Vast amount of XRF spectra acquired from series of scientific drilling programs
More powerful training scheme and complex model inspired by the success of large language models (LLMs).

We proposed a pretraining-finetuning framework that leverages the vast amount of XRF spectra to pretrain a foundation model. Masked Spectrum Modeling (MSM) is modifed from BERT, ViT, and MAE to our pretraining process. It is designed to let our foundation model learn the underlying patterns and relationships in the XRF spectra, which can be transferred to downstream tasks. The pretraining process is followed by fine-tuning the model on specific geological proxies to adapt the model to the target tasks. Hence, the downstream fine-tuning does not necessary require large amount of labeled data, which is contrast to the conventional method training a model from scratch in each project.

The work has been published on EGU2024 as a poster:

Lee, A.-S., Lin, H.-T., and Liou, S. Y. H.: Pretraining Foundation Models: Unleashing the Power of Forgotten Spectra for Advanced Geological Applications, EGU General Assembly 2024, Vienna, Austria, 14–19 Apr 2024, EGU24-4956, https://doi.org/10.5194/egusphere-egu24-4956, 2024.

Environment setup

Docker container

We adopt the container template, cuda118, from https://github.com/dispink/docker-example.

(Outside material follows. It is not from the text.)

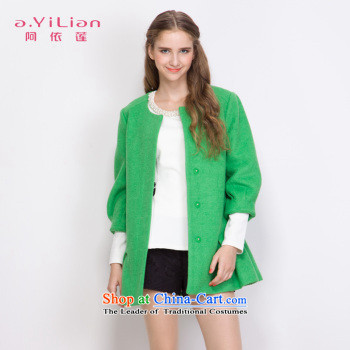 Aida 2015 Winter New Lin female pure color wild temperament round-neck collar 7 Cuff Gross material thickness jacket coat? CA43397232 Heung-grass Green聽S, Aida Lin (A.YILIAN) , , , shopping on the Internet

Versions of the main packages

Python 3.11
CUDA 11.8
cudnn 8.6.0

Folder structure

.devcontainer: Contain the configuration files for the Docker container, which is compatible to VScode Dev Container.
data: Contain all the data used in the project. It is further divided into subfolders:
- raw: Raw spectra in the Avaatech XRF Core Scanner format. Each subfolder contains the raw data for a core series.
- legacy: Previously compiled and raw data (Lee et al., 2022).
- pretrain: Data used for pre-training and is built from the previously compiled spectra data spe_dataset_20220629.csv. It is further divided into subfolder sutructure as below.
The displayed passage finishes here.